Here’s the history (sorry if it hurts… it’s actually pretty interesting)…

Note that Jesus said the RIGHT cheek.  This is key.  In Jesus time and place in history, the left hand was used for “unclean” purposes (I won’t go into the details… but you can probably guess some of them — imagine a time with no soap and limited water).  You wouldn’t use your left hand to purchase food, shake someone’s hand, OR even strike someone.  It would be a shameful act to use your left hand for these things.

Also, if you were to strike someone, you would use your BACKHAND to assert dominance and authority.  If you instead used your fist or slapped with an open hand, this would mean the person you were striking was your equal (or even your superior!).

OK, did you follow that?  It might help to get a partner and act this out (don’t really slap them!).  Try pretend striking them while 1. not using your left hand and 2. using your backhand to assert your dominance.  You’d be using your RIGHT hand, backhanding your inferior and striking them on their RIGHT cheek.

Aha!  “If someone strikes you on the RIGHT cheek, turn to him the other also.”

Try it.  Now, only the LEFT cheek is exposed.  In order to strike your inferior on their LEFT cheek you have to either use your right forehand or punch them (this would make them your equal) OR use your left backhand (this would shame you in public).

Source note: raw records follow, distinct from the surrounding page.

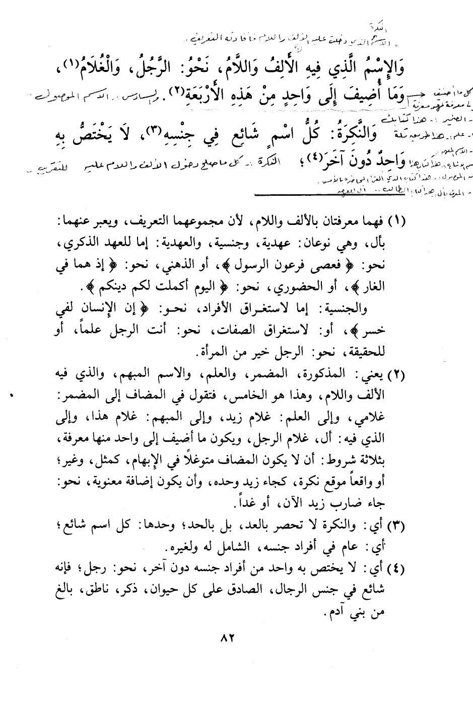 (4) الاسم المبهم: يشمل اسم الإشارة كما مثل والموصول، واسم الإشارة أقسام فنحو: هذا، لحيوان وجماد، ورجل: لمفرد المذكر، وهذه: للمفردة المؤنثة، وهذان: لمثنى المذكر، وهاتان: لمثنى المؤنث، وهؤلاء: لجمع المذكر، والمؤنث، ومراتب المشار إليه: ثلاث هذا للقريب، وذاك للمتوسط، وذلك للبعيد.
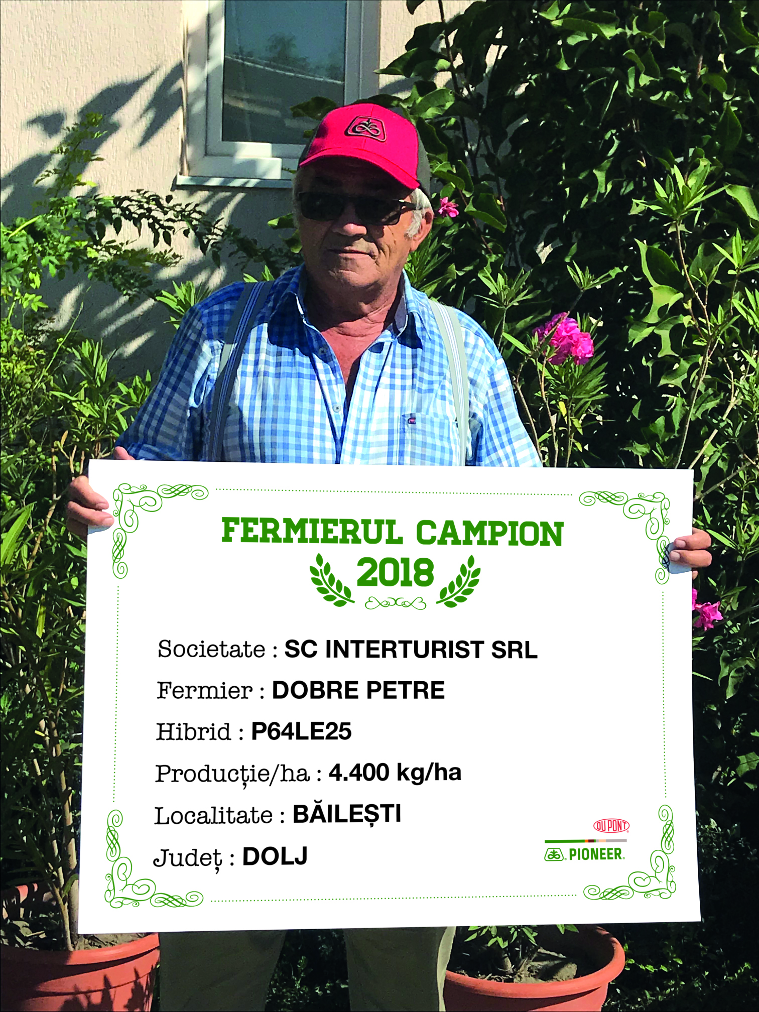 În comuna Amărăștii de Jos, județul Dolj, își desfășoară activitatea fermierul campion Petre Dobre. Acesta a obținut 4.400 kg/ha cu hibridul P64LE99. “Lucrez 900 ha, iar floarea-soarelui am semănat 300 ha după grâu. Am arat din toamnă și am aplicat îngrășăminte complexe 18.46.0 – 200 kg/ha, iar în primăvară, înainte de semănat, am mai aplicat 200 kg/ha de 16.16.16. apoi la jumătatea lunii aprilie am semănat. Cultura a mai primit un fungicid, un foliar și un erbicid, nu am prășit și nici nu am mai fertilizat în vegetație. Am recoltat la finalul lunii august, iar în următoarea campanie voi semăna 200 ha cu floarea-soarelui, toată suprafața doar cu hibridul P64LE25 pentru că îl cultiv de mult timp și sunt mulțumit de producțiile pe care le oferă”, a punctat fermierul doljean.
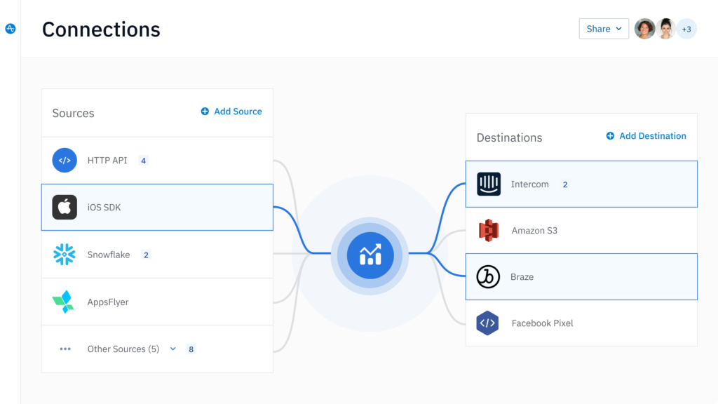 Veri yönetimi yazılımı, kuruluşunuzun veri kataloğuna erişimi ve görünürlüğü artırarak ürün, pazarlama ve finans gibi ekipler arasında veri paylaşımını kolaylaştırır. Herkes istediği verileri hızla bulabilir ve veri analistlerinin manuel ve zaman alıcı SQL sorguları yazma ihtiyacını ortadan kaldırır. DMS, kuruluşunuz genelinde üretkenliği artıran veri silolarını bozar. Örneğin, Amplitude Müşteri Veri Platformu (CDP) ile ekiplerin bağlantı kurması ve veri kaynakları ve hedefleri oluşturması daha kolay.
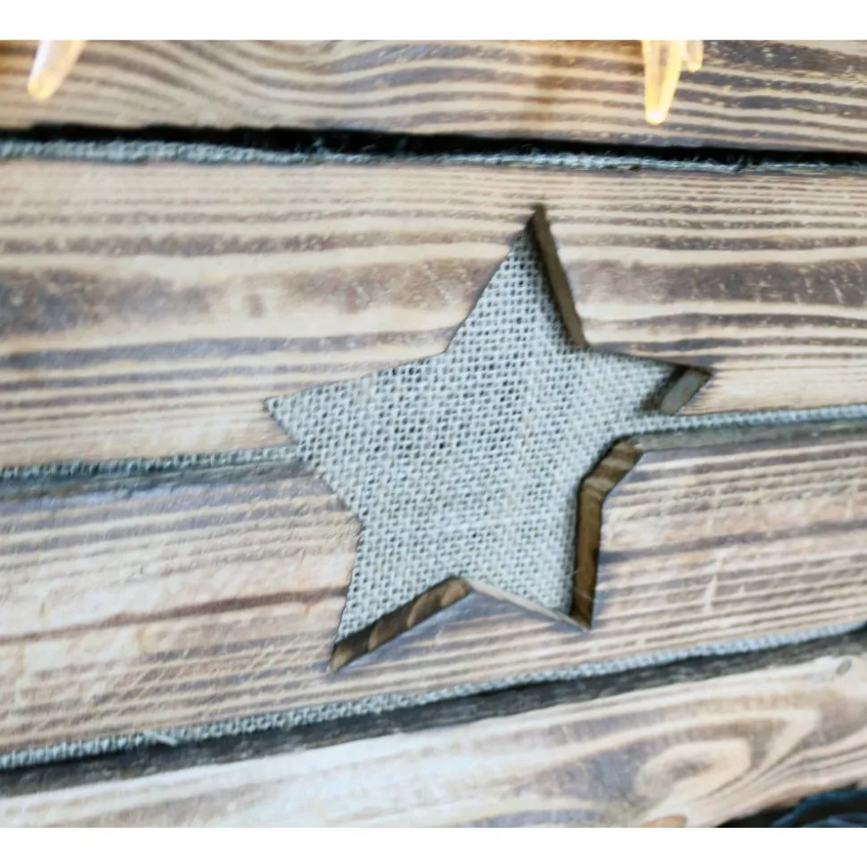 Die Holzkiste, mit ausgeschnitztem Stern, ist geflammt, so entsteht eine rustikale, ländliche und zugleich warme Ausstrahlung.
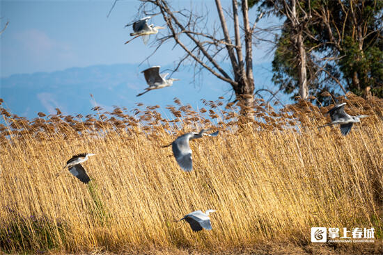 春節(jié)期間,云南省昆明市官渡區(qū)星海半島濕地公園里,一群群絢麗多彩的水鳥(niǎo)自由翱翔,宛如彩虹穿梭于碧波之間。湖邊的蘆葦叢中,灰鷺、白鷺、蒼鷺等優(yōu)雅的水鳥(niǎo)們時(shí)而翩翩起舞,時(shí)而靜靜佇立,守候著湖面上的一舉一動(dòng)。

Jesus’ call to “turn to him also the other” or as is often quipped “turn the other cheek” is NOT a call to simply ignore the insult.  It is telling us to DEMAND EQUALITY!  Stand up to your oppressor!  Don’t take insults and attacks lying down!

Nonviolence is a brilliant way to end the violence.  Retaliating in violence to a “superior” may have in Jesus’ day resulted in death or at least an escalation to the violence.  But, Jesus was a brilliant Nonviolent strategist.  A simple turn of the head refused the insult, demanded equality and justice, and ended the violence.  This is active Nonviolence.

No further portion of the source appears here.